YOUR GOAL: Set the data below down again, exactly, with every picture left out.

PROVIDED MATERIAL:
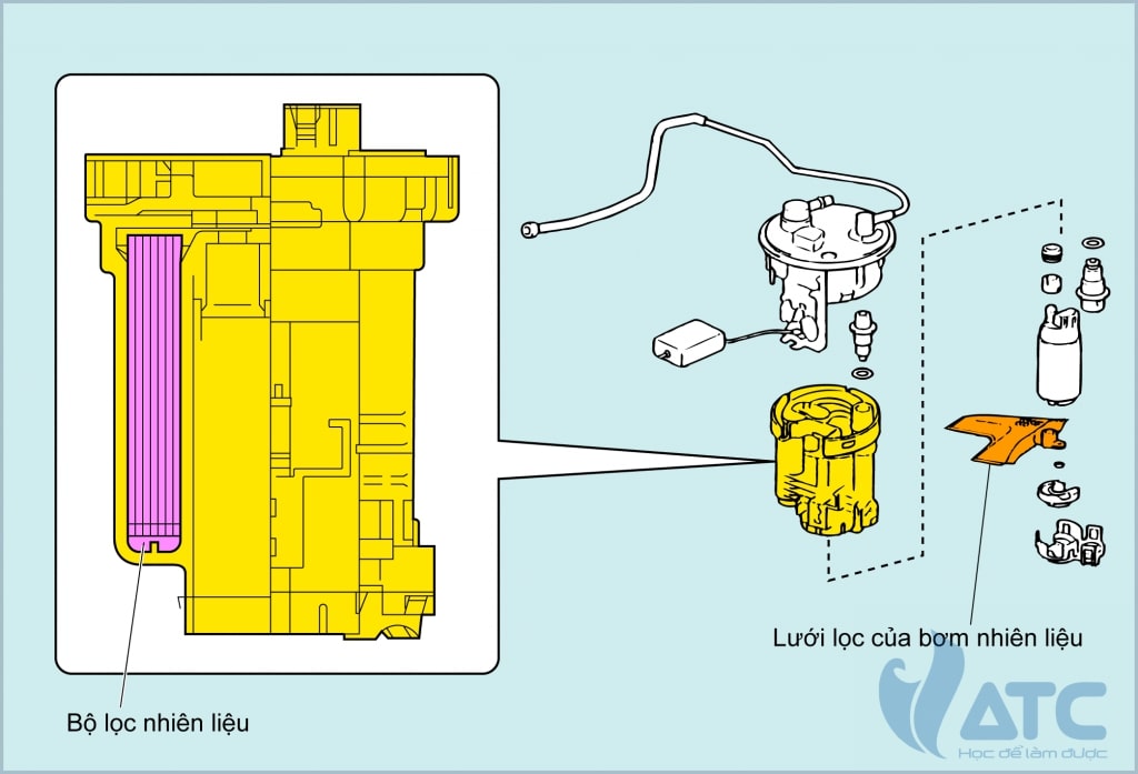 Bộ lọc nhiên liệu: Bộ lọc nhiên liệu khử bụi bẩn và các tạp chất trong nhiên liệu được bơm lên bởi bơm nhiên liệu.
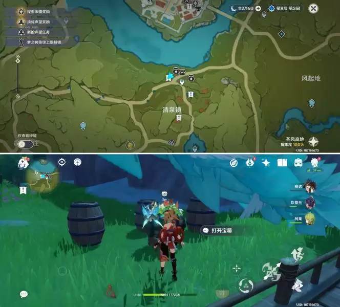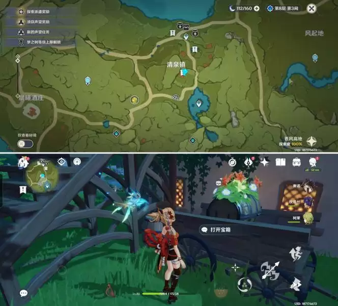 来到清泉镇传送点西北侧,前往如图位置,在舞台后取得宝箱一。
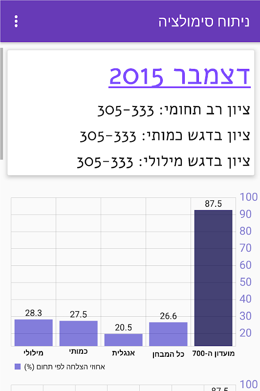 ניתוחי סימולציות - פתרתם בחינה מאפריל 2015, ועכשיו אתם רוצים לדעת מה הציון שלכם. אז במקום לספור כמה תשובות נכונות יש, ואז לגשת לאומדן, אתם יכולים להזין את כל התשובות באפליקציה ולקבל ניתוח סימולציה מפורט:

RESULT OF THIS EXERCISE:
 Bộ lọc nhiên liệu: Bộ lọc nhiên liệu khử bụi bẩn và các tạp chất trong nhiên liệu được bơm lên bởi bơm nhiên liệu.
 来到清泉镇传送点西北侧,前往如图位置,在舞台后取得宝箱一。
 ניתוחי סימולציות - פתרתם בחינה מאפריל 2015, ועכשיו אתם רוצים לדעת מה הציון שלכם. אז במקום לספור כמה תשובות נכונות יש, ואז לגשת לאומדן, אתם יכולים להזין את כל התשובות באפליקציה ולקבל ניתוח סימולציה מפורט:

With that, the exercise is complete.